我需要这个 csv 文件才能将其提供给 Amazon Athena。当我这样做时，Athena 还会以与第二个输出中所示相同的格式呈现数据。理想情况下，从转换后的 csv 文件中读取后，它应该只显示 3 行。

知道为什么会发生这种情况吗？如何解决这个问题，以正确的形式呈现 csv 数据，如第一个输出中所示？

【问题讨论】：

在写入 csv 之前，紧接在“society in”和“foundation”等之前的字符是什么？
这些基本上是描述标题中的内容，如下所示：After the collapse of a nanotechnology society in England, the young survivors lay the foundation for a new society.

标签： scala apache-spark dataframe apache-spark-sql

【解决方案1】：

description 列中的数据应包含new line characters 和commas 的数据，如下所示

"After the collapse of a nanotechnology \nsociety in England, the young survivors lay the \nfoundation for a new society"

所以为了测试目的，我创建了一个数据框

val df = Seq(
  ("Maeve Ascendant", "_CONFIG_CONTEXT", "#id13", "dfdf", "20", "bk103", "Corets, Eva", "After the collapse of a nanotechnology \nsociety in England, the young survivors lay the \nfoundation for a new society", "Fantasy", "5.95", "2000-11-17")
).toDF("title", "UserData.UserValue._title", "UserData.UserValue._valueRef", "UserData.UserValue._valuegiven", "UserData._idUser", "_id", "author", "description", "genre", "price", "publish_date")

df.show() 向我展示了与您的问题相同的数据框格式

+---------------+-------------------------+----------------------------+------------------------------+----------------+-----+-----------+--------------------+-------+-----+------------+
|          title|UserData.UserValue._title|UserData.UserValue._valueRef|UserData.UserValue._valuegiven|UserData._idUser|  _id|     author|         description|  genre|price|publish_date|
+---------------+-------------------------+----------------------------+------------------------------+----------------+-----+-----------+--------------------+-------+-----+------------+
|Maeve Ascendant|          _CONFIG_CONTEXT|                       #id13|                          dfdf|              20|bk103|Corets, Eva|After the collaps...|Fantasy| 5.95|  2000-11-17|
+---------------+-------------------------+----------------------------+------------------------------+----------------+-----+-----------+--------------------+-------+-----+------------+

但是df.show(false) 给出了准确的值

+---------------+-------------------------+----------------------------+------------------------------+----------------+-----+-----------+---------------------------------------------------------------------------------------------------------------------+-------+-----+------------+
|title          |UserData.UserValue._title|UserData.UserValue._valueRef|UserData.UserValue._valuegiven|UserData._idUser|_id  |author     |description                                                                                                          |genre  |price|publish_date|
+---------------+-------------------------+----------------------------+------------------------------+----------------+-----+-----------+---------------------------------------------------------------------------------------------------------------------+-------+-----+------------+
|Maeve Ascendant|_CONFIG_CONTEXT          |#id13                       |dfdf                          |20              |bk103|Corets, Eva|After the collapse of a nanotechnology 
society in England, the young survivors lay the 
foundation for a new society|Fantasy|5.95 |2000-11-17  |
+---------------+-------------------------+----------------------------+------------------------------+----------------+-----+-----------+---------------------------------------------------------------------------------------------------------------------+-------+-----+------------+

当您将其保存为 csv 时，spark 将其保存为带有换行符和逗号的文本文件，以被视为简单的文本 csv 文件。

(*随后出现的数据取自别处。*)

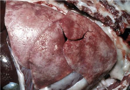 • Cranioventral hyperemic (dark red to purple) areas from acute lobular inflammation (arrows)

而在 csv 格式中，换行生成一个新行，逗号生成一个新字段。 这是数据中的罪魁祸首。

解决方案 1

您可以使用 parquet 格式将数据框保存为 parquet 保存数据框的属性并将其读取为 parquet as

df.write.parquet("hdfsOut")
var csvdf = spark.read.parquet("hdfsOut")

解决方案 2

将其保存为 csv 格式并在阅读时使用multiLine 选项

df.write.format("com.databricks.spark.csv").option("header", "true").save("hdfsOut")
var csvdf = spark.read.format("org.apache.spark.csv").option("multiLine", "true").option("header", true).csv("hdfsOut")

希望回答对你有帮助

【讨论】：

感谢您的回答。是的，这是数据格式不正确并且具有换行符。标记为已接受。